In an informed and almost persuasive opinion the Appellate Division of the District Court pointed out that on the effective date of the Act “there was no functioning appellate forum, other than the Appellate Division, to be vested with jurisdiction through the timely filing of a notice of appeal. On May 3, 1989, the Commonwealth Supreme Court had no justices, staff, rules, or facilities; the Court existed only on paper.” For this reason the district court thought it should continue to hear the appeals pending before it. The motives of the district court were praiseworthy. It was acting in the spirit of this court in Gioda v. Saipan Stevedoring Co., 855 F.2d 625, 630 (9th Cir.1988) where retroactive application of the law was avoided to prevent manifest injustice in a pending case. But Gioda cannot be followed here.
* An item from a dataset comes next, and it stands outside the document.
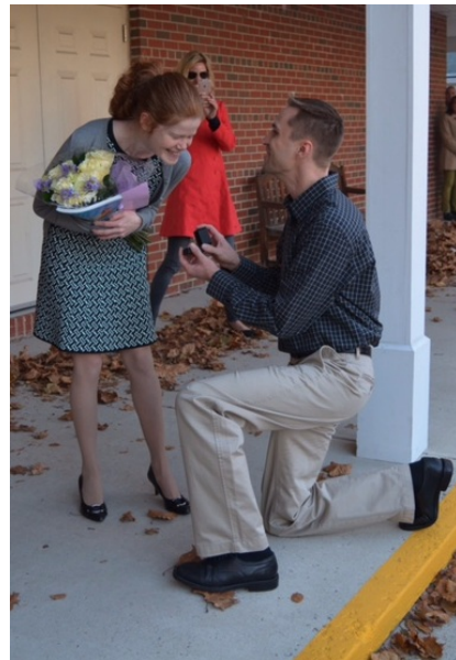
She said YES!
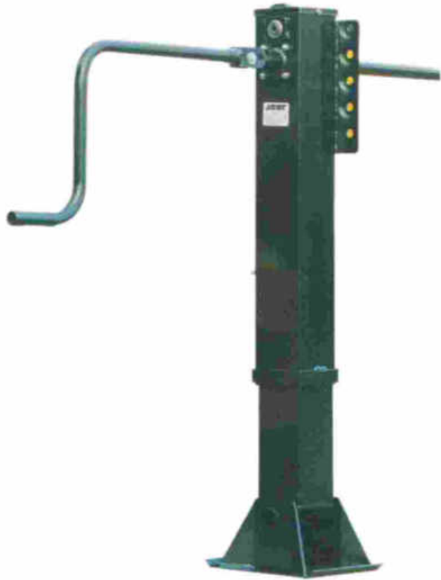
JOST C200 Landing Gear

Here the general rule prevails that the appellate court must apply the law in force at the time it decides the case. United States v. The Schooner Peggy, 5 U.S. (1 Cranch) 103, 110, 2 L.Ed. 49 (1801). There is no manifest injustice to the parties in so doing: the case is criminal with one litigant being the government; there is no one with vested rights; there are no new duties imposed. See Bradley v. School Bd., 416 U.S. 696, 717, 94 S.Ct. 2006, 2019, 40 L.Ed.2d 476 (1974). The district court did emphasize the sense of futility appellants before it might have in having prepared their appeals and then being sidetracked to a different court. This factor alone is insufficient to invoke the exception to Schooner Peggy. There is no danger that the appeal will be indefinitely delayed. The Commonwealth Supreme Court issued its first opinion some five months before the appellate division of the district court issued its opinion in this case, so it is clear that the ease was transferred to a functioning court and defendants’ appeal will be heard.
The Commonwealth had withdrawn appellate jurisdiction over its trial court from the district court. The district court had no jurisdiction and we have none.
VACATED and DISMISSED for want of federal jurisdiction.

Question: What is the total number of appellants in the case that fall into the category "the federal government, its agencies, and officialss"? Answer with a number.